Когда будете писать домой, передайте, пожалуйста, мое почтение вашей семье. Надеюсь, у вас все будет благополучно. Благослови вас Господь".
* * *
Джеффу потребовалось много времени, чтобы решиться на письмо. И он никогда бы не сделал этого, если бы не война и уверенность, что он вряд ли вернется. И если мексиканская пуля не сделает своего дела, то лихорадка или дизентерия ему наверняка гарантированы.
Он писал правду, когда утверждал, что брак Миранды стал для него сюрпризом. Он был словно поражен громом среди ясного дня, его ослепили всесокрушающий гнев и дикая ярость против Николаса. Эта ярость открыла ему истину, и когда он, наконец, успокоился, то взглянул правде в глаза.
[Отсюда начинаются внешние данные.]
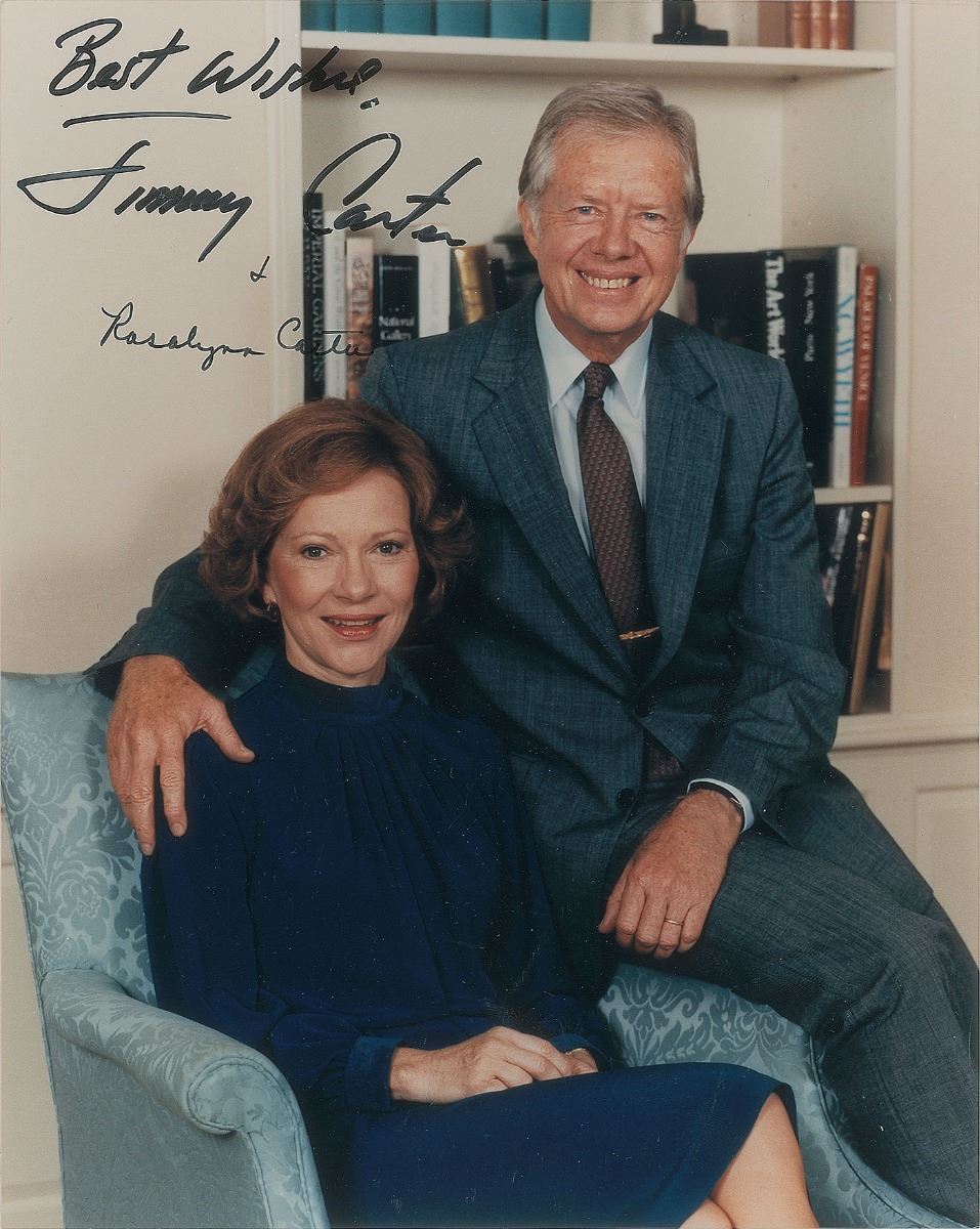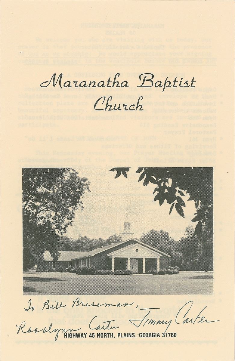 Two items: a color satin-finish 8 x 10 photo of the first couple, signed in black felt tip, “Best wishes, Jimmy Carter” and “Rosalynn Carter”; and a pamphlet for the Maranatha Baptist Church, signed and inscribed in the lower border in black ink, “To Bill Breseman, Rosalynn Carter,” and “Jimmy Carter.” In overall fine condition, with a few light bends and creases to the signed photo.

Он испытывал безумную ревность, именно то чувство, делающее невыносимой мысль, что Миранда может стать женой другого.
Эфраим не так уж и ошибался, когда уверял Абигайль, что Джефф вернется в Гринвич, потому что тот действительно размышлял об этом. И теперь Джефф понял, что потерял слишком много времени, ожидая, когда Миранда избавится от своей одержимости хозяином Драгонвика. И все же всепоглощающее чувство к Миранде подкралось к нему столь незаметно, что долгое время он даже не догадывался о нем.
"Да что же это за напасть такая, что я так хочу эту девушку?" — спрашивал он самого себя, когда ужасная весть о браке Миранды заставила его понять, что он действительно жаждет ее — до безумия. Но будучи человеком трезвомыслящим, он никогда не тратил время на бесплодные переживания. Он обратил свои чувства в действия. Он завербовался бы в любом случае, не особенно задаваясь вопросом, в чем заключаются истинные мотивы президента Полка. Страна воевала, и он был нужен стране. Для Джеффа этого было достаточно. Но страстное нежелание видеть, как Миранда поселится в Драгонвике как жена Николаса Ван Рина, ускорило его решение.
Потом он написал ей.
* * *
Миранда даже не догадывалась о страстях, бушевавших в душе Джеффа, а потому была удивлена и тронута его письмом. Когда-то между ними существовала неприязнь. Даже когда он гостил на их ферме, она думала, что он дурно к ней относится. Оказалось, это совсем не так.
Она все еще смотрела на листок бумаги, когда Николас открыл дверь и заглянул внутрь.
— Как, вы не отдыхаете? — с недоумением спросил он. Потом подошел к кровати. — Что вы читаете?
— Письмо доктора Тернера, — ответила Миранда.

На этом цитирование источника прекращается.